Saturday, August 17, 2013

Special Needs and the Emotional Impact

For the last three years I had pretty much convinced myself that adopting a child with special needs was completely different than giving birth to one. And for the most part, I think I am right. When I choose a child with special needs I know what I am facing. I'm prepared. Prepared for the worst even. When I gave birth to my two oldest, I dreamed about having a perfect little one with ten fingers and ten toes. I imagine that my world would have been shaken a bit if they would have had severe vision issues or limbs that didn't work. However, I barely bat an eye adopting legally blind children and a child with one arm that doesn't work.
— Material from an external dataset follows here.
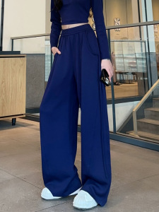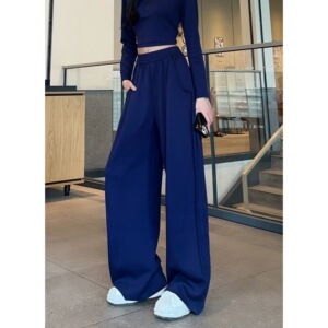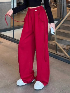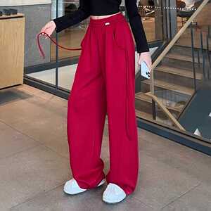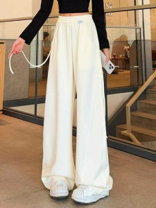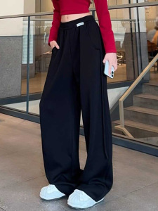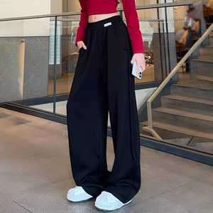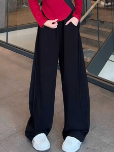 2025秋季新款设计感抽条香蕉裤高腰垂感显瘦大码休闲运动阔腿裤女

I was prepared.

My friends and I toss around a phrase about the special needs are children have. It goes something like "____ is overrated." You could fill in the blank. Having two arms is overrated. Having perfect vision is overrated. It's not meant to make light of their disabilities, but to recognize that those disabilities do not define them. They can accomplish whatever they set their minds to. God will use them for His glory. They are defined by the fact that they are a child of God.

Then along comes Kaelyn.  Our sweet, sweet girl.

I was not prepared.

I was not prepared for the six year old that acted two. I was not prepared for the battle of getting help. I was not prepared for the emotional impact of dealing with a child with developmental delays. There are many times when I find myself holding back tears when talking to a medical professional. This is hard stuff. I have no idea what her future holds. While who she is is defined by being a child of God, her delays will greatly impact her life. I feel a huge weight to teach her and help her reach her fullest potential.
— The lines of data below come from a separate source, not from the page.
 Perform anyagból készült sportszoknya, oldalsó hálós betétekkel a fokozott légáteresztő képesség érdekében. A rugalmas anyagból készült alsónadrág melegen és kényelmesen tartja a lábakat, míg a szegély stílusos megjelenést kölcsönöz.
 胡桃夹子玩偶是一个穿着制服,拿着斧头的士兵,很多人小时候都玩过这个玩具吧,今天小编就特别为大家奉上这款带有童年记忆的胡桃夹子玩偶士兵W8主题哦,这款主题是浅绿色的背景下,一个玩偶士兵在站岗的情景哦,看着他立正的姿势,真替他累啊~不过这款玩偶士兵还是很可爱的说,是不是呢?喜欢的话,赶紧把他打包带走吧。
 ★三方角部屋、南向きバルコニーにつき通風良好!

My head knows that God will provide and that He will carry us through this. I know that His plan is greater than any I could dream of. But, my heart hasn't caught up yet. I'm grieving what should be. I'm still letting go of my dream of a little six year old girl that can keep up with others her age.

This is where I realize that it's the unknown special needs that create such an emotional impact. The unknown is scary. It's hard to let go of what you thought your child would be like.

I don't have a lot of answers right now. Someday I will be able to write an update to this post giving Him glory for all He has done in Kaelyn's life. I praise the Lord every day for bringing her into our lives. I'm just still processing the impact that her needs have made on our lives.

A wonderful, wise friend of mine wrote this to me:

Kaelyn is fearfully and wonderfully made by a loving Creator Who has specific things for her to do in the Kingdom. I know it's hard for you! I'm not making light of that, but I have been convicted and learning lately about how the Body works best when all members are utilized, including those whose broken-ness is more obvious than the rest of us. I am looking forward to hearing about Kaelyn's part in the Body!

This has been such an encouragement to me and I am working on trusting Him who loves Kaelyn more than I ever could.

1 comment:

  1. Hi Liz, after reading this blog I totally related to it. I too have a son who is 3 and globally delayed. Every day is a challenge, I try and stay strong in the word to keep me going. ...your words really touched my heart as sometimes it can feel very lonley. Bless you.